Kohl’s Corp. will start selling Calvin Klein men’s underwear, women’s intimates and loungewear next fall, adding to the retailer’s string of recent big-name brand introductions to its assortment.

Kohl’s Calvin Klein Underwear assortment will be in more than 600 stores and there will be an expanded selection on Kohls.com.

In 200 of the stores, the Menomonee Falls, Wisc.-based promotional department store chain is creating “elevated in-store and merchandise experiences” to spotlight the brand and its modern, minimalist aesthetic. The product launch includes several of Calvin Klein Underwear’s best-selling hero programs, including the Modern Cotton and Invisible Comfort collections. The assortment will also feature CK One underwear and loungewear.

Kohl’s has been building up its active and casual businesses with such mainstays as Nike, Under Armour, Adidas, Champion and Columbia. Recently the assortment of national brands has grown to include Lands’ End, Toms and Cole Haan, while a private-label athleisure brand, called FLX, is debuting this month. Kohl’s is also launching 2,500-square-foot Sephora shops inside 200 of its doors in the fall. Sephora at Kohl’s will be merchandised with more than 100 makeup, skin care, hair and fragrance lines.

Kohl’s wants its active and outdoor categories to eventually represent 30 percent of the chain’s total volume, from the current approximately 20 percent. For 2019, Kohl’s reported $19.97 billion in total volume. While adding several high-profile brands, Kohl’s has also been culling underperforming ones.

The deal with the Calvin Klein brand, which is owned by PVH Corp., furthers Kohl’s drive to become a more dominant destination for active and casual apparel in the moderate price range. Kohl’s recently added Lands’ End, and for fall is adding Eddie Bauer, which is well-known for its outerwear.

“We are pleased to bring the highly recognizable Calvin Klein brand to Kohl’s customers nationwide with the addition of Calvin Klein basics, intimates and loungewear,” said Doug Howe, Kohl’s chief merchandising officer.
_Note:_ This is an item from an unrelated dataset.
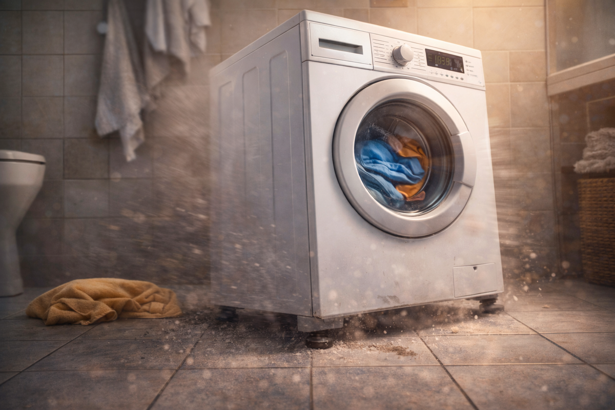 Иногда кажется, что у стиральной машины есть характер: включаешь отжим — и она начинает ползать, стучать, подпрыгивать, уезжать от стены. Это пугает и раздражает, но в большинстве случаев причина простая. Машина двигается, когда вибрация превращается в толчки, а толчки находят, от чего оттолкнуться: неровный пол, неправильную установку или неудачную загрузку. Главный вопрос: почему всё спокойно стирает и вдруг начинает плясать именно на отжиме? Потому что на отжиме барабан вращается быстро, и малейший перекос загрузки превращается в большую центробежную силу. Представьте, что мокрое одеяло сбилось в один ком и оказалось с одной стороны барабана. Машина пытается крутить это колесо с грузом, который не по центру. В итоге она не просто вибрирует, а получает серию ударов по подвеске и корпусу. Чем выше обороты, тем сильнее эта картина. Поэтому у одной и той же машины тихий режим может быть спокойным, а максимальный отжим — превращать ванную в барабан. Почти всегда история начинается с про

Howe characterized Calvin Klein, which was founded in New York in 1968, as “a global lifestyle brand that exemplifies bold, inclusive ideals and an elevated aesthetic while offering unmatched quality and accessibility, which we believe will resonate with both new and loyal Kohl’s customers.”
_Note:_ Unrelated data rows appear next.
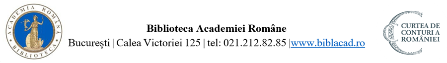 Contact: Biblioteca Academiei Române, Compartiment Comunicare, Relații Publice, comunicare_media@biblacad.ro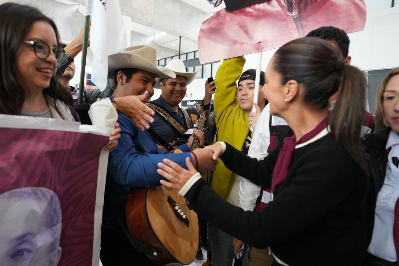 Fue entre el son de un tradicional hispano mexicano interpretado por un grupo local y en el que entre versos describen el momento histórico que vive México al tener la posibilidad de que una mujer de la transformación sea la primera Presidenta, que Claudia Sheinbaum recibió el apoyo y el cariño de mujeres y hombres entre abrazos, palabras de cariño y sonrisas
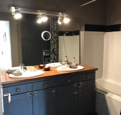 Chambre double avec salle de bain/wc privatif, linge, TV, électroménager de base, enceintes.

With Calvin Klein, Kohl’s could gain some market share from Macy’s, Nordstrom and other major retailers that carry the label.

Kohl’s has established an impressive track record of merchandise advancements as well as some innovative partnerships, such as with Amazon. Kohl’s stores enable shoppers to return Amazon orders.
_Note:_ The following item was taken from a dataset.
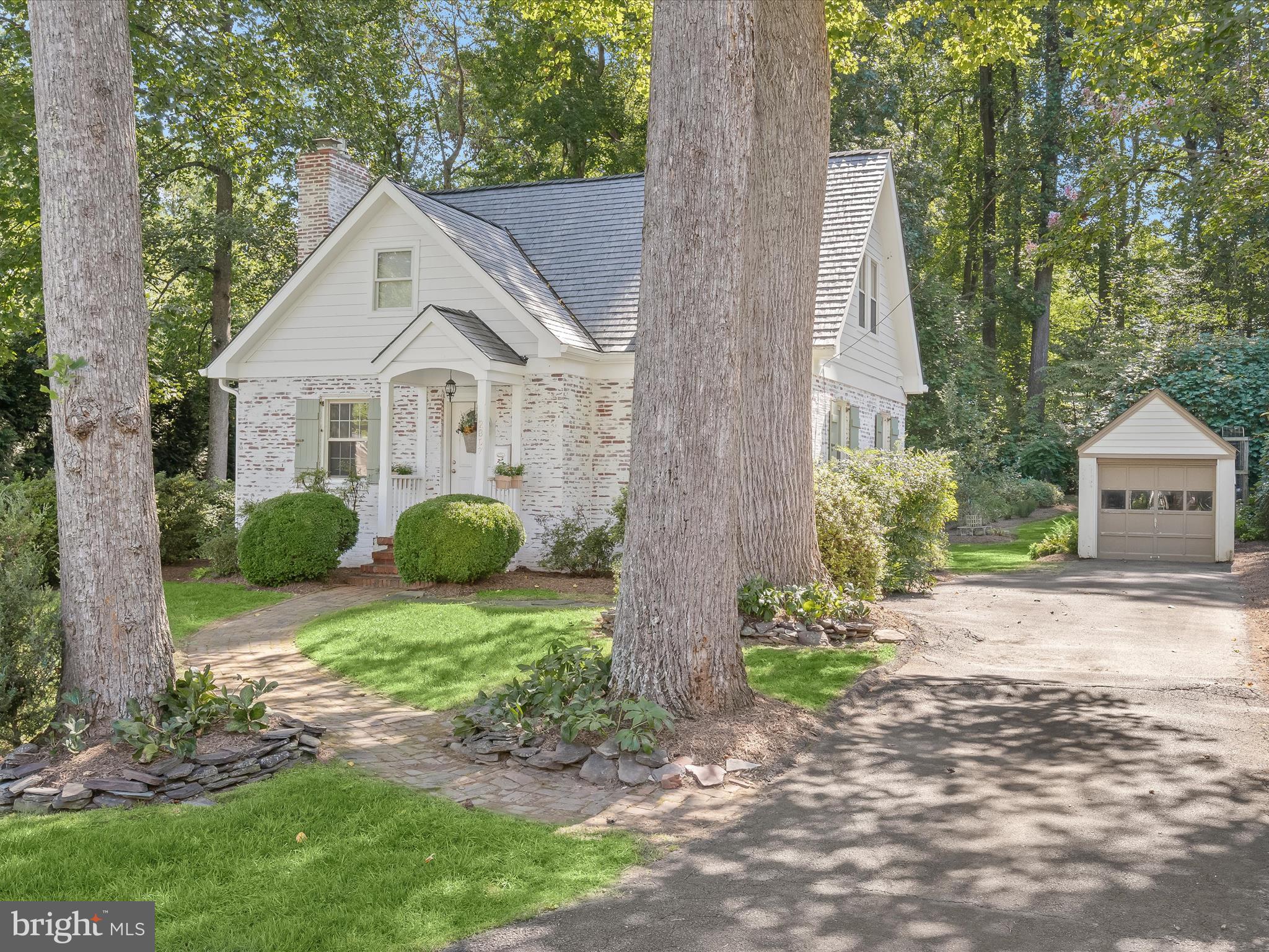 Offer Deadline is Saturday (8/17) at 5PM."Rosemary Cottage" is a stunning, architectural masterpiece on massive, forested oasis oversized lot. With over $172,000 in recent renovations, this charmer has storybook curb appeal--custom shutters, new German Schmear brick finish, new synthetic cedar shingle roof ($70,000, which includes brick work and upstairs updates), mature landscaping, greenhouse including certified wildlife habitat stamp, backyard oasis with wildlife pond, fire pit and massive fruit and vegetable garden ($20,000). Inside, the designer inspired features include new luxe $60,000 steam shower primary bathroom, walnut stained sold oak original floors on main and upper levels, cozy gas fireplace, airy screen porch, solid maple kitchen cabinets, granite slab counters with undermount sink, stainless steel appliances, and custom copper pot rack, custom built in bookshelves in study, and spacious walk in primary closet with Elfa shelving. $10,000 in electrical upgrades and appliances. Lower level remains unfinished to put your stamp on this gem.

But Kohl’s could be put off track by activist investors  — Macellum Advisors, Ancora Holdings Inc., Legion Partners Asset Management and 4010 Capital — which have begun pressuring the company for changes and last week came out in public with its concerns about the retailer. The activists have accused Kohl’s and its management of not gaining market share in the last decade, lacking cost controls, not creating enough shareholder value, and excessive executive pay. The activist investors have begun pushing to change Kohl’s board members and for real estate selloffs. The investors beneficially own 9.5 percent of the company, or 15 million shares, including 3.5 million call options that are currently exercisable, meaning they have significant clout.